7. Context Risk Classification
Not all digital presence deployments carry the same risk. A digital avatar used for internal training carries different governance requirements than one making financial recommendations to the public. The Context Risk Classification Annex defines four risk tiers:
| Tier | Risk Level | Description | Example Contexts |
|---|---|---|---|
| Tier 1 | Low | Internal use, limited audience, no financial or health implications | Internal training videos, team-facing assistants |
| Tier 2 | Moderate | Public-facing but limited authority; no binding decisions | Marketing content, social media presence, customer FAQ |
| Tier 3 | High | Public-facing with advisory or influential capacity | Financial guidance, health information, educational content |
| Tier 4 | Critical | Binding authority, vulnerable populations, or high-consequence decisions | Legal advice, medical consultation, financial transactions |
Higher risk tiers require more stringent control implementation, more frequent audits, and lower tolerance for control deviations. The risk tier assigned to a deployment determines the minimum acceptable scores on both CPC and SPC assessments.
8. Deployment Lifecycle
Every digital presence under DPIF governance passes through a defined set of lifecycle states. The Deployment Lifecycle Specification defines these states and the conditions required to transition between them.

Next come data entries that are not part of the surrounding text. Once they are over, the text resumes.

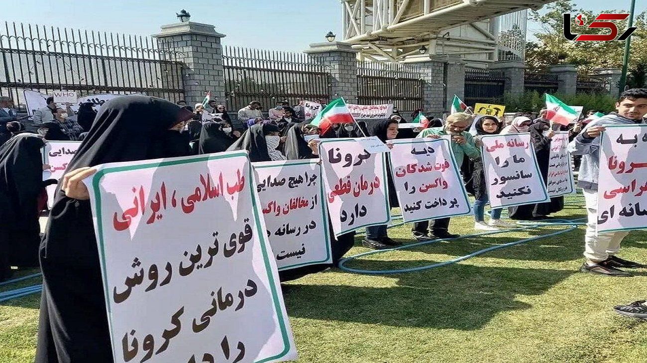 تعدادی از زنان ومردان مخالف واکسن کرونا که دست نوشته هایی با خود همراه داشتند، در مقابل ساختمان مجلس تجمع کرده و با حمل پلاکاردهایی علیه واکسیناسیون کرونا شعار دادند.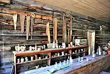 Architects/builders included Ole Dahl, who built Dahl Saloon (also known as Ole's and as "The Joint") and the Dahl House, Robert Moore who built Kelly's Saloon, Hugh Hannifen who built Hannifen House, Judson and Blaidsell who built the F.A. Davey Store, and John and Winifred Wells who built the Wells Hotel.[2] Supplies needed in Garnet were generally obtained from nearby Bearmouth.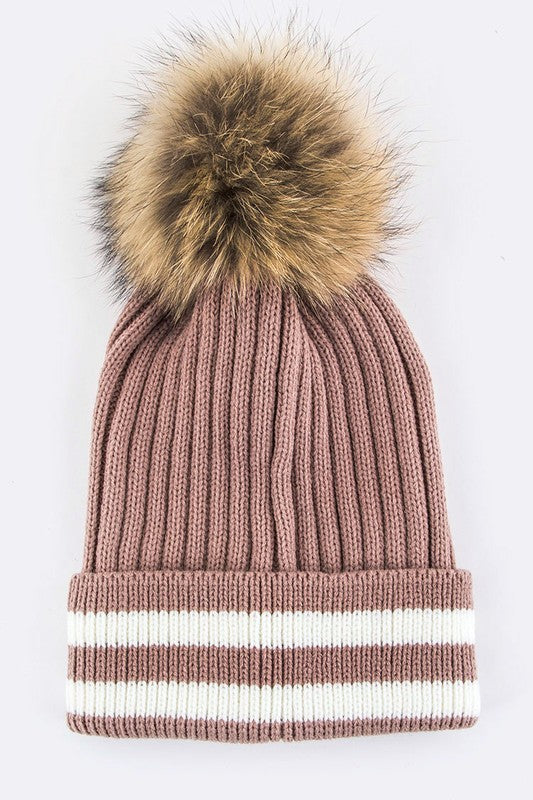 Raccoon Fur PomPom Pre-Sewed Slouchy Beanie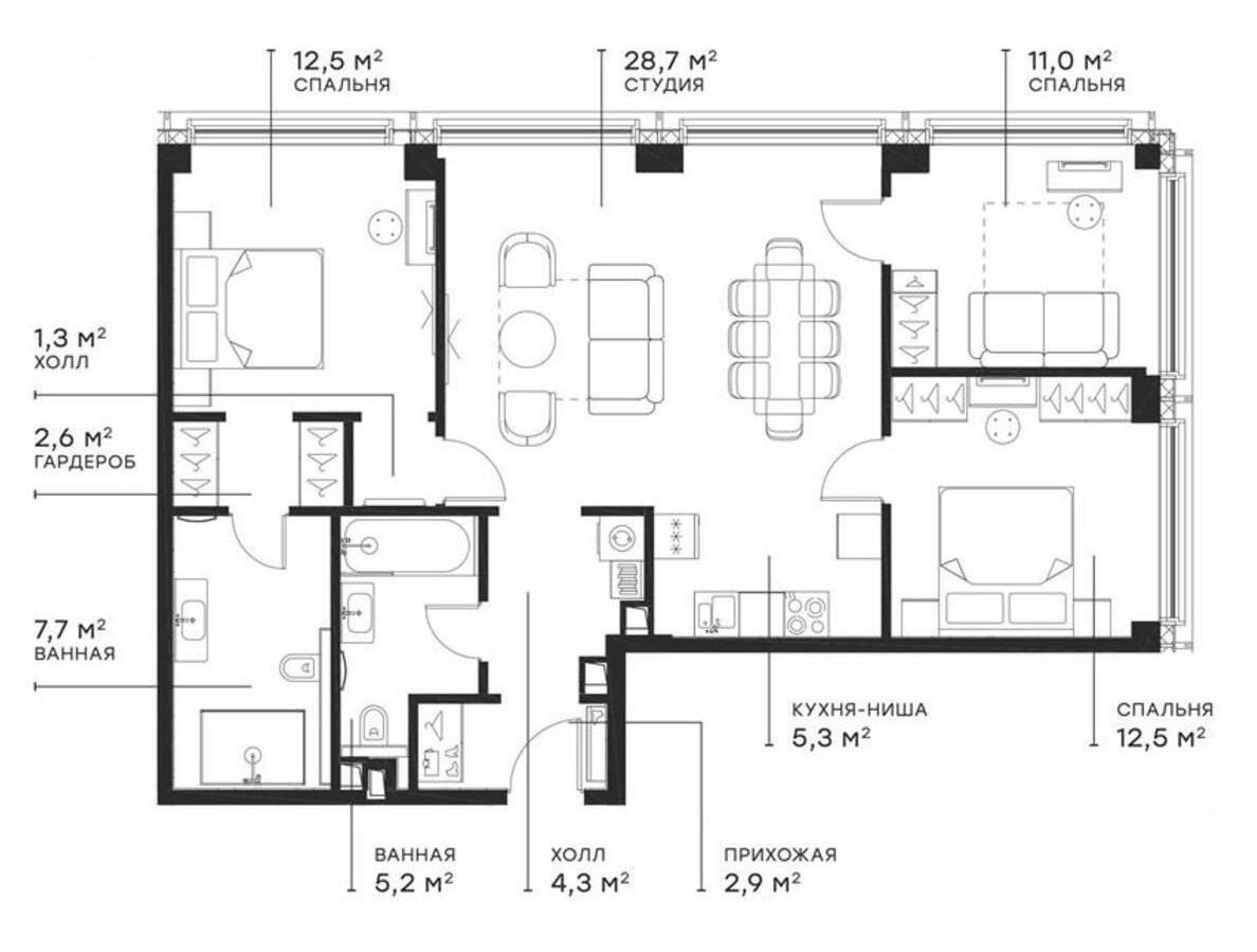 4-комнатная квартира № 331, 93.85 м2 с отделкой 32 эт.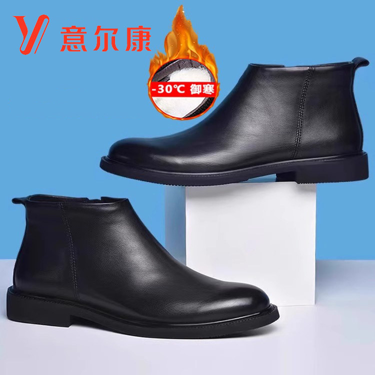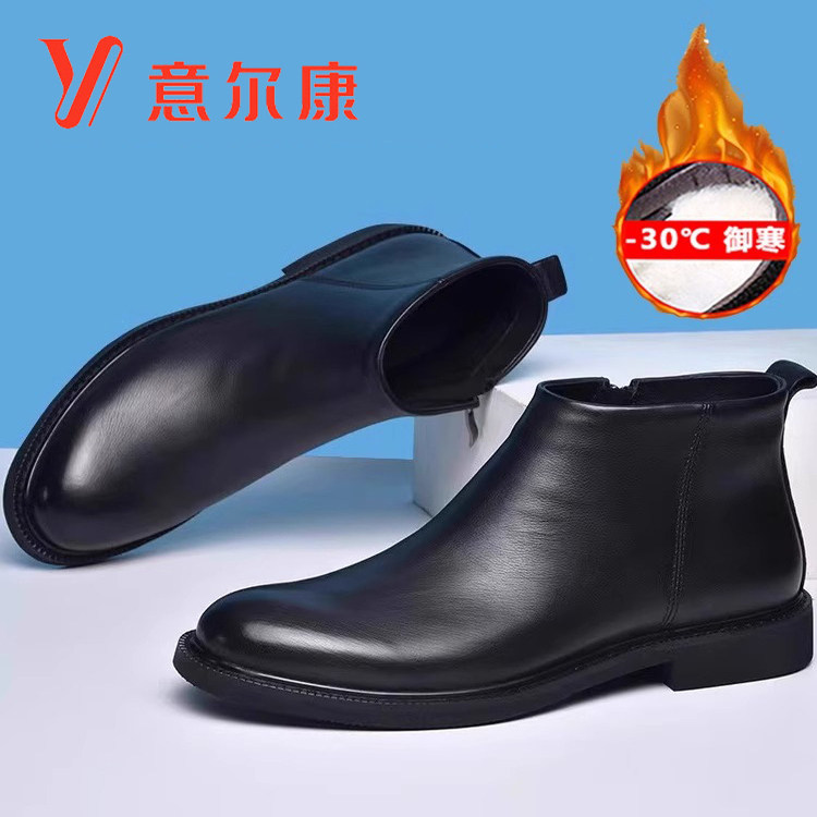 意尔康皮鞋牛皮高帮切尔西皮鞋男士加绒保暖雪地靴真皮加棉马丁靴
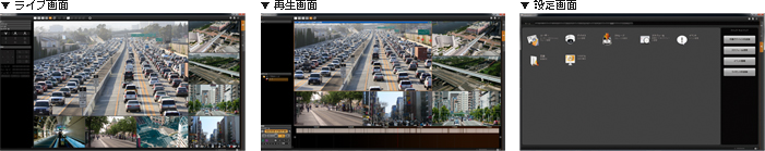 見やすく分かりやすい操作画面で、カメラ・NVR設定など各種設定が行えます。最大100分割可能なライブ画面では、用途に併せた表示パターンの作成、保存も可能です。また、再生画面では、カレンダーやモーション、イベントやサムネイル等からの検索など、お探しの場面を素早く簡単に探し出すことが可能です。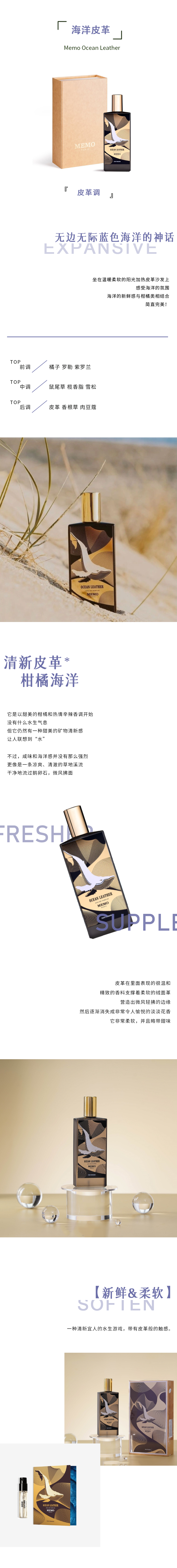 玫默 海洋皮革(海洋之歌) Memo Ocean Leather 分装 【坐在温暖柔软的阳光加热皮革沙发上,感受海洋的氛围】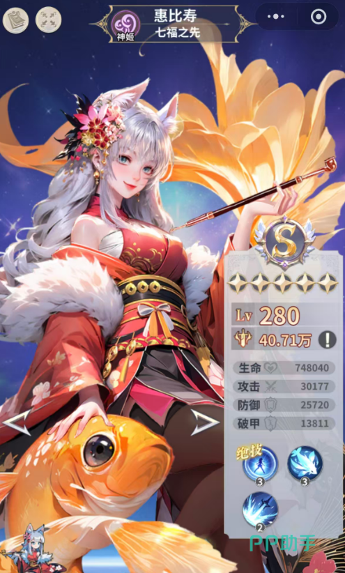 惠比寿作为神姬分支代表,拥有独特的海洋吞噬机制。当敌方目标当前生命百分比低于10%时,她可直接吞噬并封锁其行动;若敌方生命高于自身,则触发280%物理伤害。其被动技能提供全队8%防御力加成,且每次成功吞噬敌人后,永久提升自身10%伤害减免,最高可达40%。该机制不仅强化生存容错,更赋予其针对残血单位的精准压制能力。

| State | Description | Governance Requirements |
|---|---|---|
| Proposed | Deployment has been requested but not yet assessed | Initial consent obtained; risk classification pending |
| Under Review | Deployment is being assessed against DPIF controls | Full CPC and SPC assessment in progress |
| Certified | Deployment has passed all required controls | All CPCs passed; SPCs meet minimum threshold for risk tier |
| Active | Deployment is live and operating | Ongoing monitoring; periodic re-assessment required |
| Suspended | Deployment temporarily halted due to control failure or principal request | Root cause analysis required; corrective action plan |
| Revoked | Deployment permanently terminated | Consent withdrawn or irremediable control failure |
| Archived | Deployment records retained after termination | Audit trail preserved; data retention policies apply |
9. Inter-Deployment Conflicts
When multiple digital presences operate simultaneously, conflicts may arise. The Inter-Deployment Conflict Resolution Framework addresses four categories of conflict:
| Conflict Type | Description | Resolution Approach |
|---|---|---|
| Same-Principal | Two deployments of the same principal produce contradictory outputs | Canonical source determination; version precedence rules |
| Cross-Principal | One principal's digital presence makes claims about another principal | Affected-party notification; content review; possible suspension |
| Platform Conflict | Platform policies conflict with DPIF governance requirements | DPIF requirements take precedence; platform adaptation required |
| Jurisdictional | Different jurisdictions impose conflicting requirements | Most restrictive standard applies; jurisdictional scope limitation |
The resolution framework establishes clear precedence rules: principal sovereignty takes precedence over operator convenience; safety takes precedence over availability; and the most restrictive applicable standard governs in cases of jurisdictional conflict.
10. Posthumous and Incapacitated Principal Governance
DPIF addresses a governance gap that most existing frameworks ignore: what happens to a digital presence when the principal can no longer provide ongoing consent or oversight.
10.1 Incapacitation
When a principal becomes temporarily or permanently incapacitated, governance authority transfers to a designated successor (if one has been appointed) or the deployment enters Suspended state. The incapacitated principal's prior directives remain in effect unless a successor with documented authority modifies them.
10.2 Posthumous Operation
Posthumous operation of a digital presence is permitted only when:
- The principal provided explicit, documented consent for posthumous operation during their lifetime
- A designated successor or estate executor has been appointed with governance authority
- The deployment's scope is restricted to the boundaries defined by the principal before death
- Clear disclosure indicates that the principal is deceased
10.3 Default Position
If no posthumous governance plan exists, the default position is that the digital presence enters Suspended state upon the principal's death and proceeds to Revoked after a defined waiting period. This default protects against unauthorised posthumous use while allowing estate representatives time to assess the situation.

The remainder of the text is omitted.